/ 31 July 2013

Khaya Dlanga: Power and sex – 50 shades of grey area

Zwelinzima Vavi.
Zwelinzima Vavi. (Gallo)

For something so pleasurable, sex can be pretty dangerous – no matter how brief it is. Ask Zwelinzima Vavi. It was a brief encounter, according to him, but it is likely to cause him many months of terror. For many of us, when we see the Cosatu general secretary, we will think of only one thing. Hopefully it will blow over. 

In an interview with the New York Times in March 12 1944, Albert Einstein said: "With fame I become more and more stupid, which of course is a very common phenomenon." 

The stupidity that Einstein spoke about is not that he became any dumber, it's just that the personal decisions he made around a comment he made about Americans became very controversial and offended his new adoptive homeland. I believe that Einstein was talking about the fact that famous people seem to think rules that apply to everyone else don't apply to them. Time and time again they are right; people let them get away with a little more than they will allow others. However, when they fail, the standards they are held up to are also higher than those ordinary people are held up to. 

It's very likely that someone could have been watching the news about Vavi having sex with another woman who isn't his wife, commenting on it and judging him – while lying in bed with his side-chick. 
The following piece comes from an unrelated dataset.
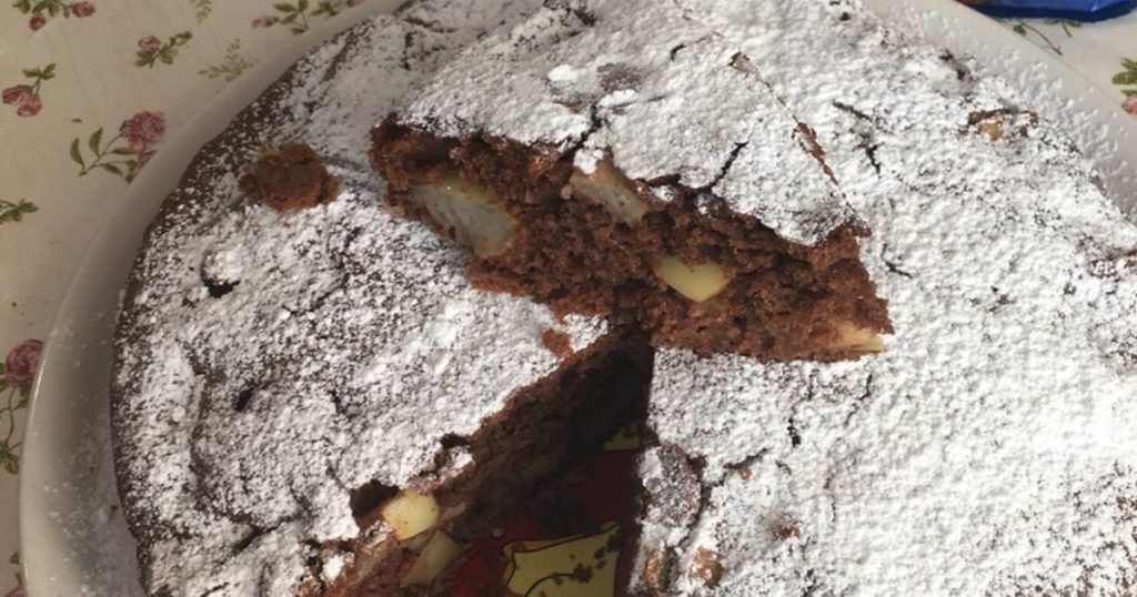 Шоколадний манник в мультиварці з яблуками

There are few things worse than having to come face to face with one's own moral failures, if you have a conscience. It must be worse still when the public sees your moral failings. We like to justify our shortcomings to ourselves – why they are not really failures. Yet if someone does the exact same thing we have done, we are quick to point out their flaws. This is not to say that society must now be blind to what we know and generally agree is wrong. There is a general agreement in society that sleeping with someone else while you are married is wrong. That is what the general secretary did. 

People are black and white when it comes to other people's issues, yet when it comes to their own, they are very grey. The question we need to ask then is should we hold our leaders to higher moral standards than the rest of society, or should we view them as flawed human beings, who, by nature of their positions in society, will face far greater moral challenges than the average human being? Power is sexy and seductive. Power also believes it is entitled. 
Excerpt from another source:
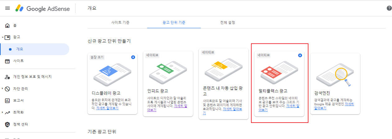 1. 애드센스 멀티플렉스 광고 설정하기
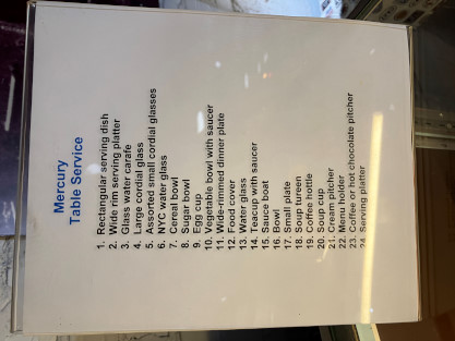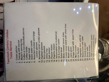 Each piece of china or cutlery was numbered and these are the descriptions.

A Wall Street Journal article called "The Power Trip" said the following: "Psychologists refer to this as the paradox of power. The very traits that helped leaders accumulate control in the first place all but disappear once they rise to power. Instead of being polite, honest and outgoing, they become impulsive, reckless and rude." 

It's something that happens to a great deal of powerful people, it's a disease which infects men in particular. The more powerful they become, the more reckless they become and the more indestructible they believe themselves to be. Vavi became reckless. He knew there were people who were after him, yet he engaged in reckless behaviour. Not unlike our president, who, during a time when he was under investigation, engaged in reckless and impulsive behaviour. 

Dacher Keltner, a psychologist at the University of California, Berkeley said: "When you give people power, they basically start acting like fools. They flirt inappropriately, tease in a hostile fashion, and become totally impulsive."

There is a recklessness that seems to infect the mind when power comes. A great deal of this seems to involve sex. Bill Clinton, Anthony Weiner, John Edwards, Jacob Zuma and now Vavi, in a long list. 

It's a question we need to ask and answer. Should we hold our leaders to higher moral standards? When we decide what those moral standards are, which ones do we choose to scrutinise, and which ones do we ignore? 

We have grey areas, but not for our leaders, it seems. But we are also very forgiving. Society needs forgiveness in order for it to thrive. So we have to constantly forgive our leaders.